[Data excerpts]
╔══
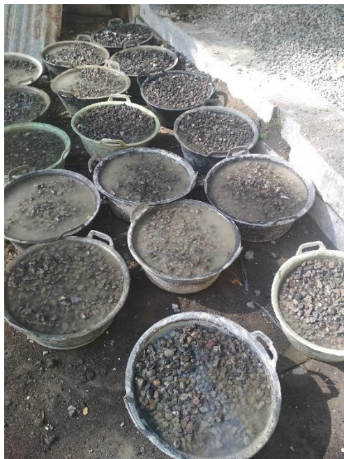
GAMBAR 2 PERSIAPAN AGREGAT KASAR
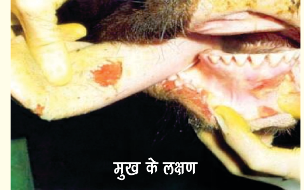
मुख के लक्षण
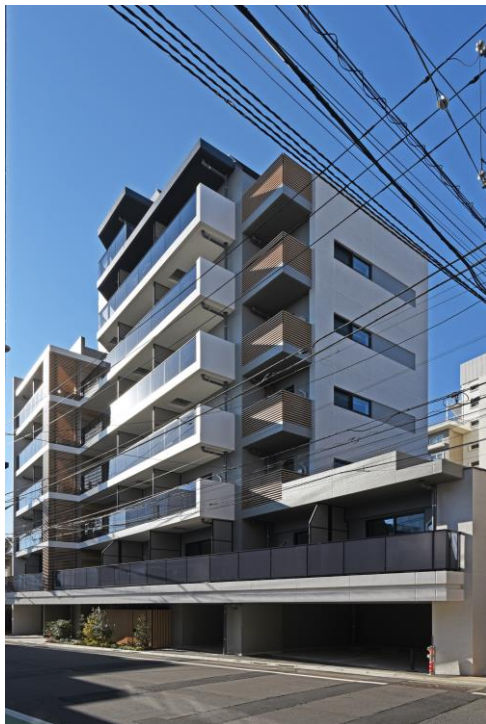
< 外 観 >

当社では、2029年度までに「賃貸業における資産規模1,000億円」を目指し、更なる事業拡大に向け精力的に取り組んでおり、今後も小田急沿線、東京都心部等を中心に、積極的に優良賃貸資産への投資を行ってまいります。
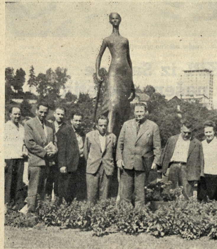
Nekdanji borci ob spomeniku
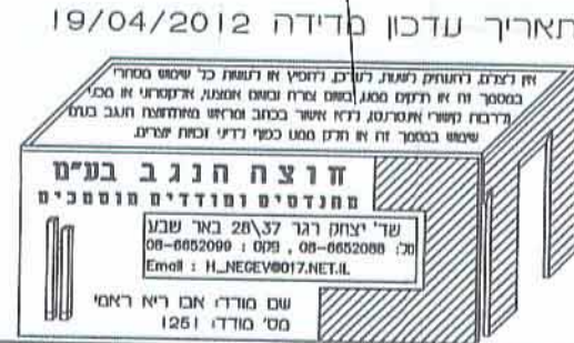
תאריך עדכון סידרה 19/04/2012

חוק המבנים והתשתיות חוק התכנון והמבנים חוק הגנת השכונות חוק הגנת הנוף חוק הגנת המרחב חוק הגנת המים חוק הגנת האוויר חוק הגנת הקרקע חוק הגנת הנוף חוק הגנת המרחב חוק הגנת המים חוק הגנת האוויר חוק הגנת הקרקע
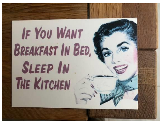
Bon sens britannique
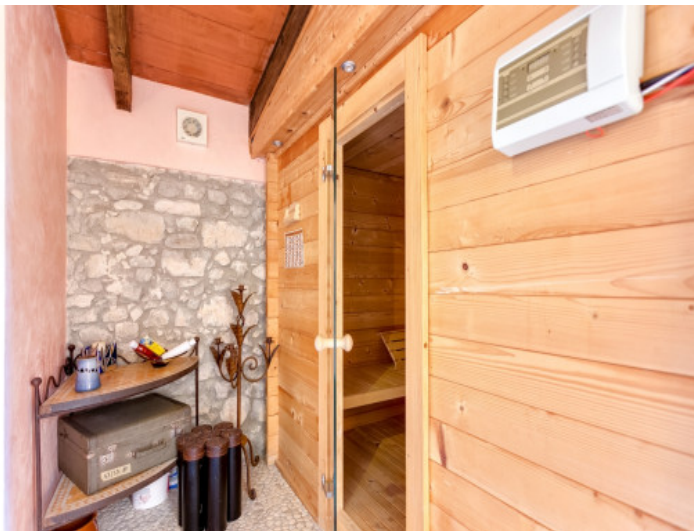
Spa mit Sauna
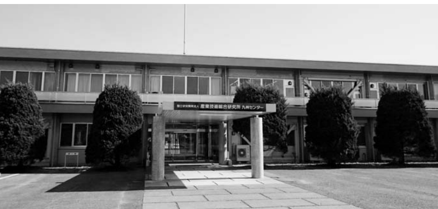
佐賀県鳥栖市を拠点とする産総研九州センター
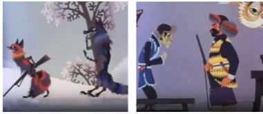
전지 애니메이션 〈사냥꾼을 잡은 여우〉

여우 캐릭터 또한 의인화된 과장된 기법으로 표현하고 있다. 가늘게 뜯은 눈, 얇은 입술은 교활하고 피가 많은 여우의 본색을 드러내주고 있다. 특히 여기서 눈 여겨 볼만한 것은 뒤에서 여우가 사람처럼 직립 보행을 하고 손에 총을 들고 다니는 모습을 표현하기 위해 여우 캐릭터의 비율을 수정하고 관절 부위에 변형 처리를 했다는 점이다.
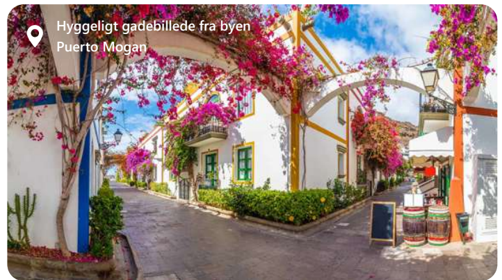
Hyggeligt gadebillede fra byen Puerto Mogan

Las Palmas, hovedstaden på Gran Canaria i Spanien, byder besøgende velkommen med sin solrige atmosfære og kulturelle mangfoldighed. Byen er kendt for sine smukke strande, inklusive Playa de Las Canteras, og en række kulturelle begivenheder og festivaler. Udforsk de lokale kulturelle perler som Casa de Colón og Catedral de Santa Ana, og nyd autentiske kanariske kulinariske oplevelser med lokale retter og vine. Las Palmas tilbyder en harmonisk blanding af sol og kultur, hvilket gør den til en ideel destination for dem, der ønsker at udforske Gran Canarias naturskønhed og rige kulturarv.
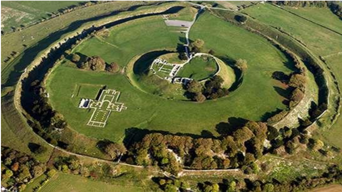
Obr. 1. Old Sarum.
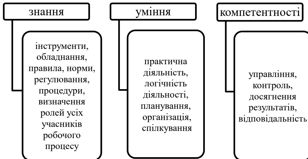
Рис. 2. Структурна кваліфікаційна рамка
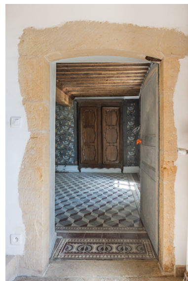
Porte en arc fragmentaire, donnant accès à un salon, à droite de l'escalier de la demeure IVR26_20197100267NUC4A
╚══
> Directions for this task: Write out, word for word, the stretch of entries that begins at the line with "חוק המבנים והתשתיות" and ends at the line with "Hyggeligt gadebillede fra byen Puerto Mogan". Pictures do not belong in it.

> Task output:
חוק המבנים והתשתיות חוק התכנון והמבנים חוק הגנת השכונות חוק הגנת הנוף חוק הגנת המרחב חוק הגנת המים חוק הגנת האוויר חוק הגנת הקרקע חוק הגנת הנוף חוק הגנת המרחב חוק הגנת המים חוק הגנת האוויר חוק הגנת הקרקע
Bon sens britannique
Spa mit Sauna
佐賀県鳥栖市を拠点とする産総研九州センター
전지 애니메이션 〈사냥꾼을 잡은 여우〉

여우 캐릭터 또한 의인화된 과장된 기법으로 표현하고 있다. 가늘게 뜯은 눈, 얇은 입술은 교활하고 피가 많은 여우의 본색을 드러내주고 있다. 특히 여기서 눈 여겨 볼만한 것은 뒤에서 여우가 사람처럼 직립 보행을 하고 손에 총을 들고 다니는 모습을 표현하기 위해 여우 캐릭터의 비율을 수정하고 관절 부위에 변형 처리를 했다는 점이다.
Hyggeligt gadebillede fra byen Puerto Mogan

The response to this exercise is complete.